# Aim of the exercise:
For this exercise, copy exactly only the lines from the one containing "รู้จัก Dek-D.com มานานแค่ไหนแล้ว" to the final line of the material below, without the pictures.

# Exercise data:

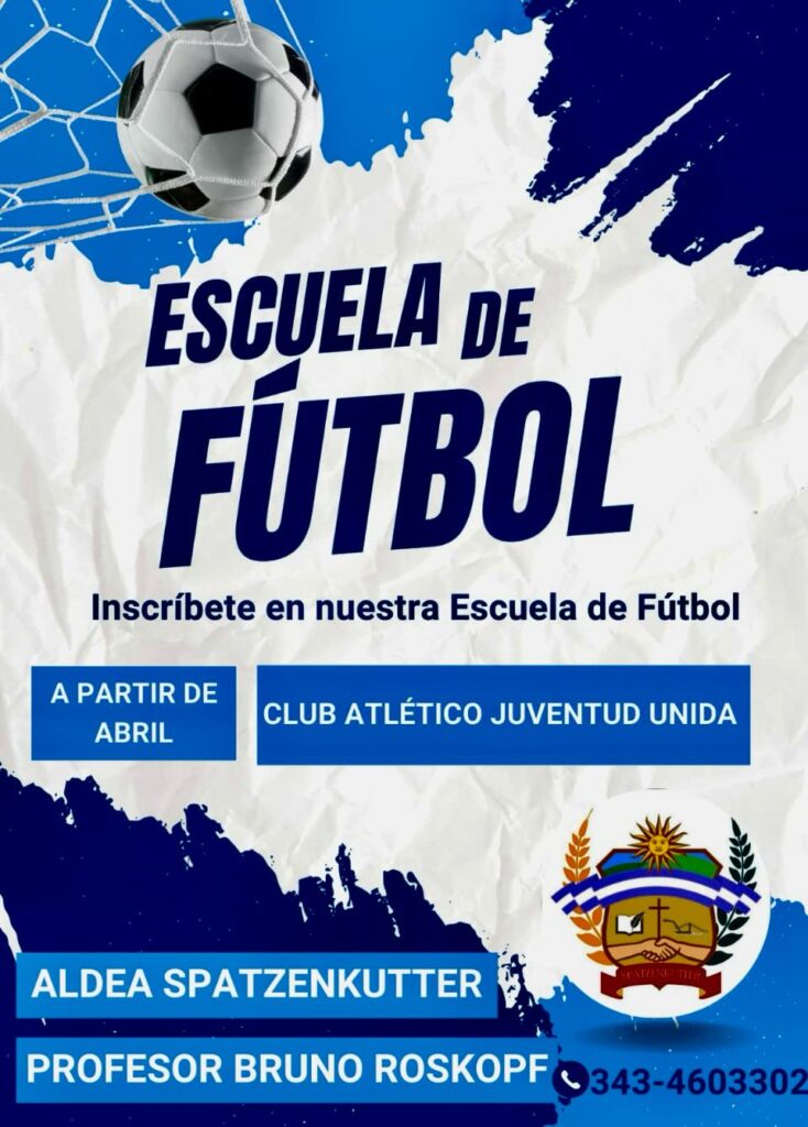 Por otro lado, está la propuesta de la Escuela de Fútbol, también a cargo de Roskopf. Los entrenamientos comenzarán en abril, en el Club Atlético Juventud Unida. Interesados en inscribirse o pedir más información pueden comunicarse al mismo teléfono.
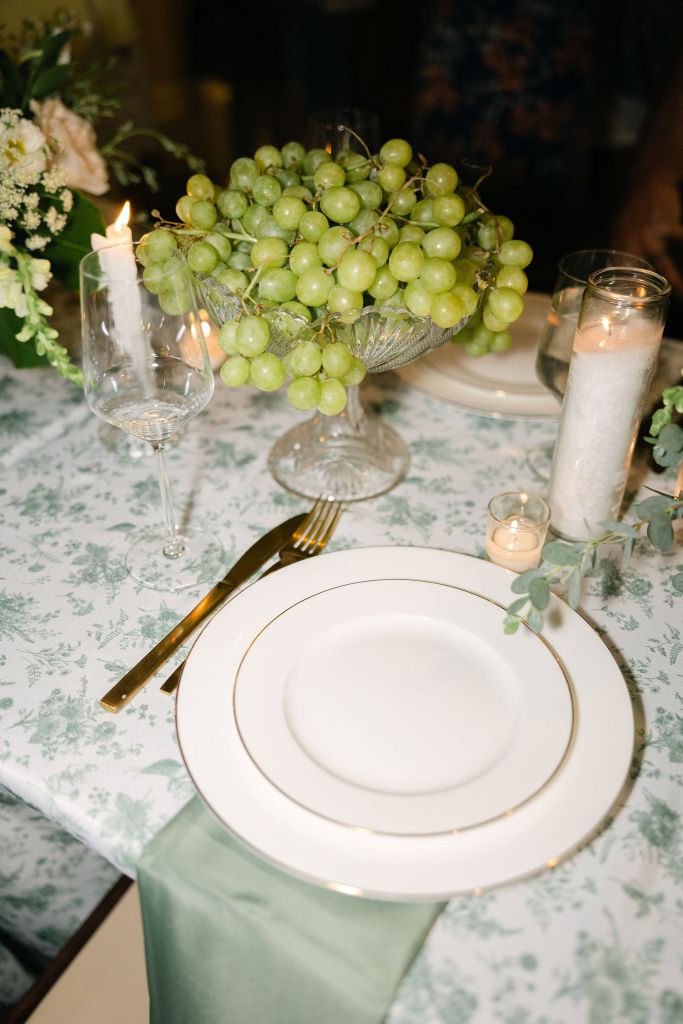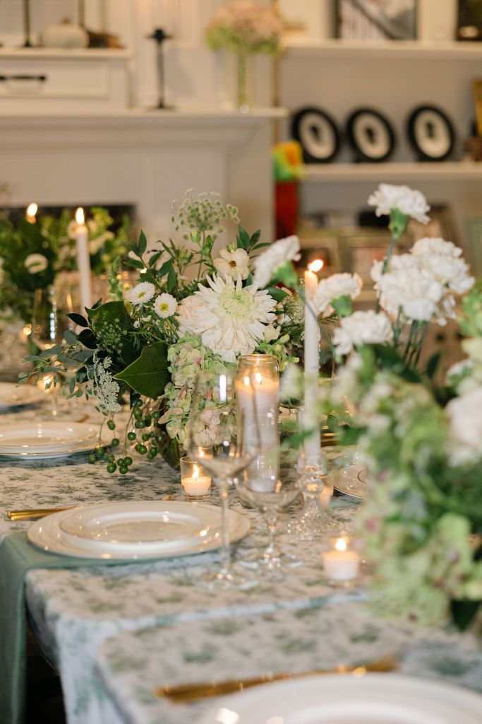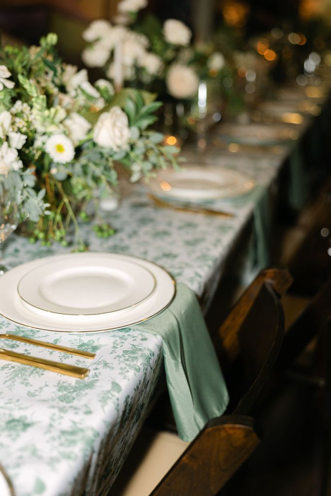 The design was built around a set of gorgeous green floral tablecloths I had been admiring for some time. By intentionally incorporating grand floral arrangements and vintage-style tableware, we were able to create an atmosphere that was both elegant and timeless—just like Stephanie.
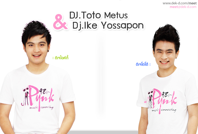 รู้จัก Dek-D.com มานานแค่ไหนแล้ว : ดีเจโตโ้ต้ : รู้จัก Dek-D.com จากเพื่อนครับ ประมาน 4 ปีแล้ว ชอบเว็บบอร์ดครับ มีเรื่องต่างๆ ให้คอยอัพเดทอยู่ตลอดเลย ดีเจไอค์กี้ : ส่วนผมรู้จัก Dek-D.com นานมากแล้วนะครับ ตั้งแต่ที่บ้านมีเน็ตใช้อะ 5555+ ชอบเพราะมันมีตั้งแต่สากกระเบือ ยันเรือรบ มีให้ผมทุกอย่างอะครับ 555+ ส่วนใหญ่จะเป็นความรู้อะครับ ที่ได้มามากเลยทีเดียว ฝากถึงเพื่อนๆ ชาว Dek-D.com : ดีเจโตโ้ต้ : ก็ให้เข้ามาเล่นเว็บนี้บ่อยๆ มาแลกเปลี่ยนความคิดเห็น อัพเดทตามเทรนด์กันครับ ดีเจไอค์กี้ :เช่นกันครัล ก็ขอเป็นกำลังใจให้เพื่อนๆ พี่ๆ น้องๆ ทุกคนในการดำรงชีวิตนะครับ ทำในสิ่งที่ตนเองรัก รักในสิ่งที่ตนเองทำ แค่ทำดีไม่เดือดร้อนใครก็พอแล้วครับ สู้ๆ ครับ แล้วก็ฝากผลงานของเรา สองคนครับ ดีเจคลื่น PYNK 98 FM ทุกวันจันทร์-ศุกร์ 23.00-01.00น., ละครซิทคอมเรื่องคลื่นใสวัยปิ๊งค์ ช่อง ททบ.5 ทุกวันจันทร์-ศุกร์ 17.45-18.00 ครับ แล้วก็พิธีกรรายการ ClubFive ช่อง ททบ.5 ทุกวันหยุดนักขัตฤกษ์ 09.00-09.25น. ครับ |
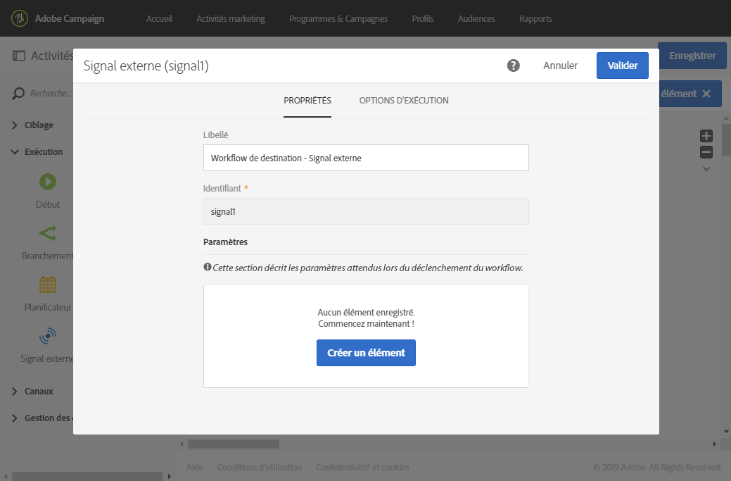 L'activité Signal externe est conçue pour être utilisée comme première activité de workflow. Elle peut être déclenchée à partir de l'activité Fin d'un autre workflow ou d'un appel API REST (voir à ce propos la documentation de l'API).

# Task solution:
 รู้จัก Dek-D.com มานานแค่ไหนแล้ว : ดีเจโตโ้ต้ : รู้จัก Dek-D.com จากเพื่อนครับ ประมาน 4 ปีแล้ว ชอบเว็บบอร์ดครับ มีเรื่องต่างๆ ให้คอยอัพเดทอยู่ตลอดเลย ดีเจไอค์กี้ : ส่วนผมรู้จัก Dek-D.com นานมากแล้วนะครับ ตั้งแต่ที่บ้านมีเน็ตใช้อะ 5555+ ชอบเพราะมันมีตั้งแต่สากกระเบือ ยันเรือรบ มีให้ผมทุกอย่างอะครับ 555+ ส่วนใหญ่จะเป็นความรู้อะครับ ที่ได้มามากเลยทีเดียว ฝากถึงเพื่อนๆ ชาว Dek-D.com : ดีเจโตโ้ต้ : ก็ให้เข้ามาเล่นเว็บนี้บ่อยๆ มาแลกเปลี่ยนความคิดเห็น อัพเดทตามเทรนด์กันครับ ดีเจไอค์กี้ :เช่นกันครัล ก็ขอเป็นกำลังใจให้เพื่อนๆ พี่ๆ น้องๆ ทุกคนในการดำรงชีวิตนะครับ ทำในสิ่งที่ตนเองรัก รักในสิ่งที่ตนเองทำ แค่ทำดีไม่เดือดร้อนใครก็พอแล้วครับ สู้ๆ ครับ แล้วก็ฝากผลงานของเรา สองคนครับ ดีเจคลื่น PYNK 98 FM ทุกวันจันทร์-ศุกร์ 23.00-01.00น., ละครซิทคอมเรื่องคลื่นใสวัยปิ๊งค์ ช่อง ททบ.5 ทุกวันจันทร์-ศุกร์ 17.45-18.00 ครับ แล้วก็พิธีกรรายการ ClubFive ช่อง ททบ.5 ทุกวันหยุดนักขัตฤกษ์ 09.00-09.25น. ครับ |
 L'activité Signal externe est conçue pour être utilisée comme première activité de workflow. Elle peut être déclenchée à partir de l'activité Fin d'un autre workflow ou d'un appel API REST (voir à ce propos la documentation de l'API).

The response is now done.